See that? There are some big-ass purses in this room tonight. Big purses with extra outfits (с запасной одеждой) and the shoes and jeans, tents (с палатками), camping tents, baby wipes (подгузники/влажные салфетки для детей), lots of baby wipes.
That’s why I don’t get gifts for my girlfriend; I give her gifts that will bring on (вызовут) other women’s jealousy. And it’s worth it (это того стоит), it’s better than getting her diamonds, guys. One thing you do – alright, if you’re gonna get her flowers randomly, don’t send them to where she lives; send them to her work. Oh-ho-ho!

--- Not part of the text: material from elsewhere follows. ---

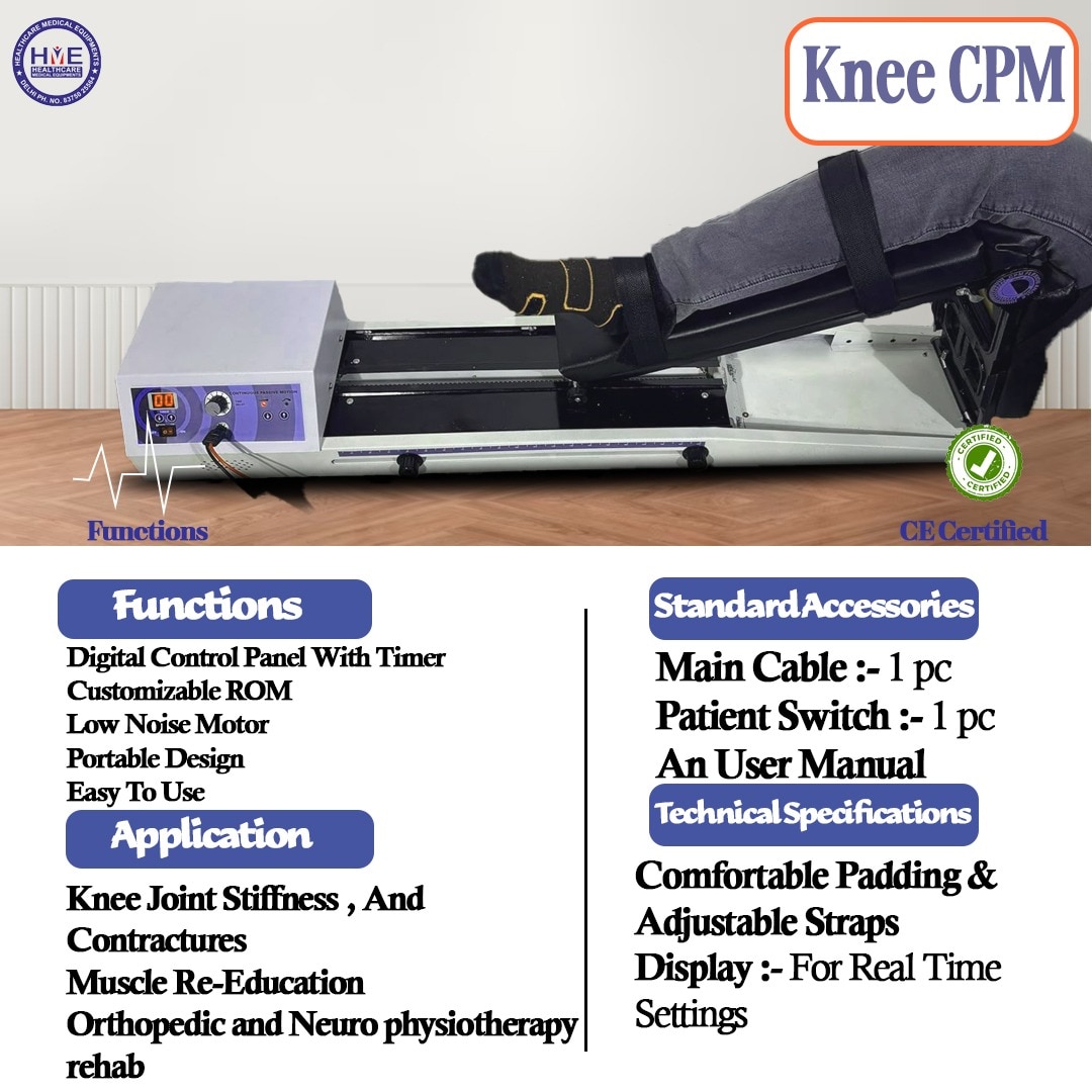 Manual CPM device for controlled knee mobilization and rehabilitation. The Manual CPM Machine is designed for passive movement therapy of the knee joint. It helps increase range of motion, reduce stiffness, and support recovery after surgery or injury. The manual mechanism allows smooth, controlled movement without electricity—ideal for physiotherapy clinics, ortho centres, and home rehab. Features: Manual operation—no electricity required Smooth knee flexion & extension movement Adjustable ROM settings Heavy-duty metal frame Comfortable leg support pads Easy-to-use hand control lever Applications: Post knee surgery (TKR / ACL / PCL) Joint stiffness Knee mobilisation therapy Ortho rehabilitation Physiotherapy clinics & home rehab
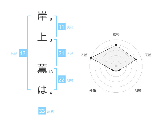岸上 薫はさんを姓名の画数から五運を鑑定

And one purchase – you created jealousy ALL AROUND her! It’s like her birthday but it’s not her birthday. Alright… she gets to walk around with her tiara on her head. “What’s up, passing bitches? My man got me this tiara, it’s so cool, it’s got gadgets, it’s battery-operated, look what I can do: look, look… watch, watch! … Did you see that? Bye-bye”.
We will start discussing men’s brains – women’s brains and how they are very different from each other.
Now, I wanna start with men’s brains. Alright, now… men’s brains are very unique. Men’s brains are made up of little boxes. And we have a box for everything. We got a box for car, we got a box for money, we got a box for the job, we got a box for you, we got a box for the kids, we got a box for your mother somewhere in the basement. We got… we got boxes everywhere! And the rule is – the boxes don’t touch (=не соприкасаются друг с другом).
When a man discusses a particular subject, we go to that particular box, we pull that box out, we open that box, we discuss only what is in that box! Alright? And then we close the box and put it away being very, very careful – not to touch any other boxes.
Now, women’s brains are very, very different from men’s brains. Women’s brains are made up of a big ball of wire (большой клубок проводов). And everything is connected to everything. Zzzz… Money is connected to the car, the car is connected to your job, and the kids are connected to your mother and everything is connected to everything, it’s like zzzzzzz… It’s like the internet super highway. Okay? And it’s all driven by energy that we call emotion. This zzzzzz is one of the reasons why women tend to remember everything.
Because if you take an event, and you connect it to an emotion, it burns (=записывается; как записать на CD-диск) in your memory and you can remember it forever. The same thing happens for a man; it just doesn’t happen very often because quite frankly, we don’t care. Women tend to care about EVERY TIME. And she just loves it. Zzzzz… Haha!
Okay. Now men, we have a box in our brain that most women are not aware of. This particular box has nothing in it. True, true. In fact we call it “the nothing box”. And of all the boxes a man has in his brain “the nothing box” is our favorite box. If a man has a chance to go to his “nothing box” every day, that’s why a man can do something seemingly completely brain dead for hours on it: you know, like fishing. And they actually measured this. The University of Pennsylvania a couple of years ago. They did a study and discovered that men have the ability to think about absolutely nothing and still breathe.
Here, they connected all the wires and stuff like that, watched the brain activity and then said: … (непонятно, вроде «a brain is dead!»)
Women can’t do it! They can’t do it, their mind never stops. And they don’t understand “the nothing box”! And that drives them crazy! Because nothing drives a woman more crazy or makes them feel more irritated than to witness (лицезреть, наблюдать) a man doing… NOTHING!